The first book about Georgina was A Plaintiff in Person, which was written by her nephew Philip Treherne and published posthumously in 1923. Treherne, who was born in 1872, first visited Georgina in 1893, and he saw her often after that. His biography is uncritical, and he is at his best when recounting his personal reminiscences of his notorious aunt, especially during her latter years.
Lise Gray died in 1923 and her niece, Marjory Pegram, inherited sixty-five packing cases full of Georgina's books and papers, which had remained in a furniture repository in Brighton since Georgina's death. It was, as she wrote, ‘an awe-inspiring sight’. Miss Pegram then spent many years sorting and arranging the archive. She must have thrown a large proportion of the contents of the packing cases away, but much still remained. In the 1950s, she commissioned Edward Grierson to write a new biography. Grierson, a barrister and prolific writer of both fiction and non-fiction, was born a few weeks after Georgina's death. His book, Storm Bird, was published in 1959. It is a masterpiece of com-pression and remarkably fair, if one considers that he was a barrister working at a time when there were still lawyers around who remembered Georgina, by repute if not in person. Grierson is particularly good on her court cases, but seems rather to have lost interest towards the end of her life.
In the mid 1970s Marjory Pegram went into a care home and her family decided to dispose of Georgina's papers.
For the next eight years the home of Morgan and Louisa Thomas and their children was to be Gate House in the south-western corner of the parish of Mayfield in East Sussex. The Georgian mansion of the same name that Louisa had inherited from her father had been demolished after her marriage, and had been replaced with a modern house half a mile away, on the site of a farm called Merriams, which belonged to the estate. The name Gate House was transferred to the new building, though the local people continued to refer to the place as Merriams.

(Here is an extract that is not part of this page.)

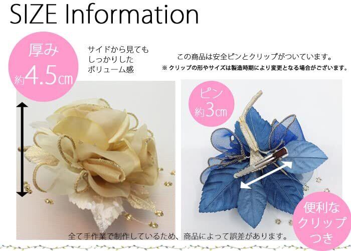 選べるカラーがたくさん! どんなフォーマルスーツにもマッチするカラー展開です。 コサージュは結婚式・入学式にご参列の方のマストアイテムの一つ。 このコサージュに別売のクリップをつけると、お召し物を傷つけずにつけていただくことができます。 [鎌倉工芸]のコサージュは控えめだけど華やかな印象を残す「晴れの日の魔法」 あなたが使う日を想像しながら、手作業で丁寧に一つ一つの作業を行っています。 今まで子育てを頑張ってくれた奥様へ、お子様の卒業式の日に感謝の気持ちを込めてコサージュを贈る旦那様も増えてきました。 ※この商品は手染めです。水濡れをしますと移染を起こす場合があります。 ※すべての工程が手作業のため、商品によって若干の誤差が生じる場合があります。
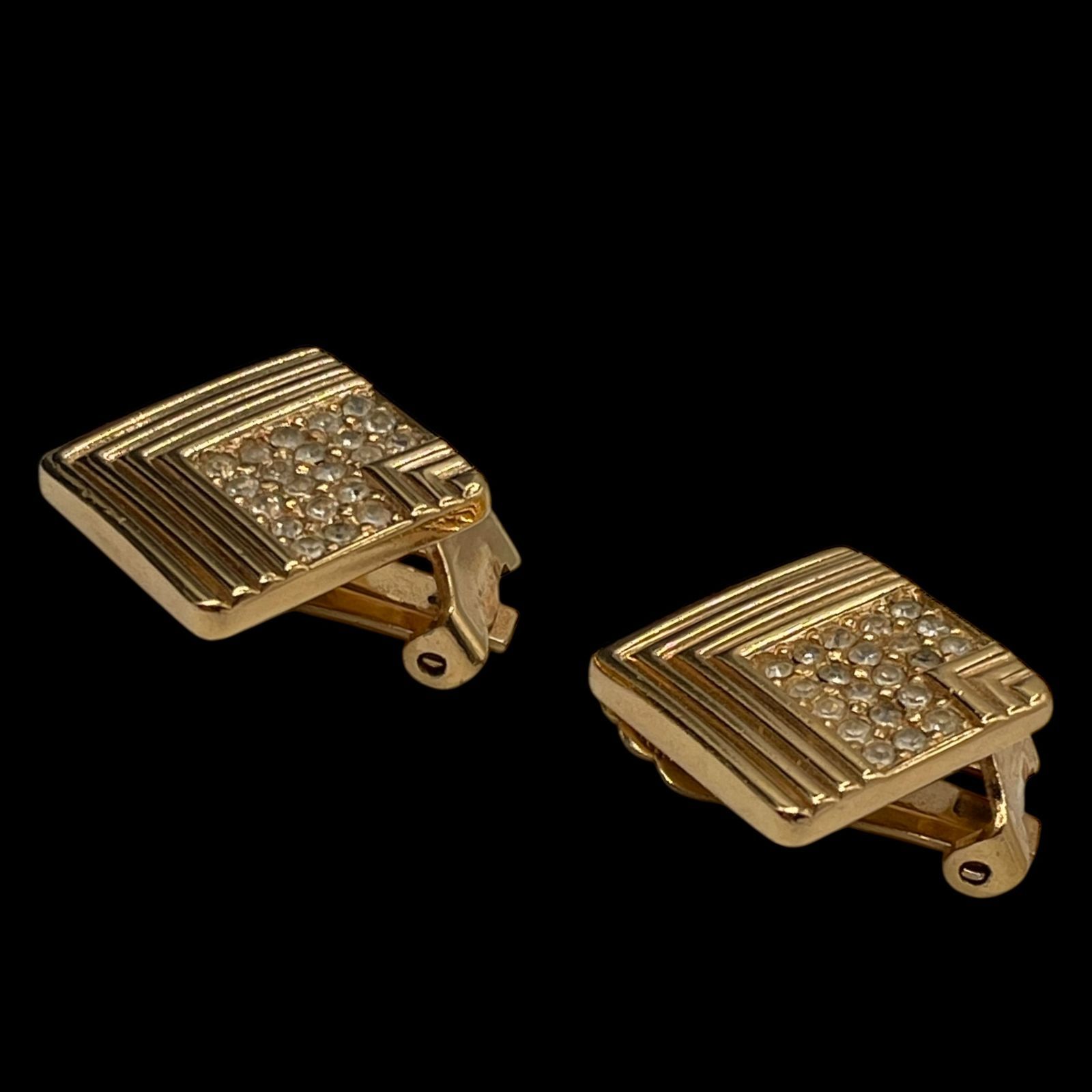 Christian Dior クリスチャン ディオール Chr.Dior ゴールド イヤリング スクエア ラインストーン アクセサリー ジュエリー 耳飾り 小物 ヴィンテージ WWW_NICORILABO_COM

Whilst the old Gate House had stood close to the turnpike road leading from Mayfield to Heathfield, its replacement, ‘a stone cottage or shooting box’, lay ‘low, and hidden from the road’. It was, Georgina thought when she first saw it, ‘a horrid little place’. No doubt it suited Morgan's increasingly unsociable disposition, but for his wife and children it brought loneliness and isolation. Sale particulars of 1862 describe Gate House as ‘a commodious residence in the Elizabethan style of architecture … surrounded by park-like paddocks and ornamental woods’, with twenty-three bedrooms in addition to large drawing and dining rooms, a library, a billiard room, and the usual domestic offices, stables and outbuildings. Drawings and photographs show a somewhat curious jumble of buildings resembling two or three houses joined together, and it is possible that the new Gate House incorporated at least part of the old Merriams farmhouse. The house was added to, in a somewhat haphazard manner, during the 1850s.
Three weeks after their arrival in Sussex, Georgina and her mother escaped from their rural confinement and went up to London for a few days. The ostensible reason for their visit was the need to engage a governess for Emily and Florence, but they also found time to enjoy themselves. They drove in Hyde Park and visited the Botanical Gardens. Dressed in her ‘silk écossais, white bonnet and new mantille’, Georgina found that she attracted a certain amount of attention, though this was not entirely welcome, for the English men looked ‘such fools’ and stared at her in ‘such a disagreeable, impudent way’. They were, however, ‘very tall’.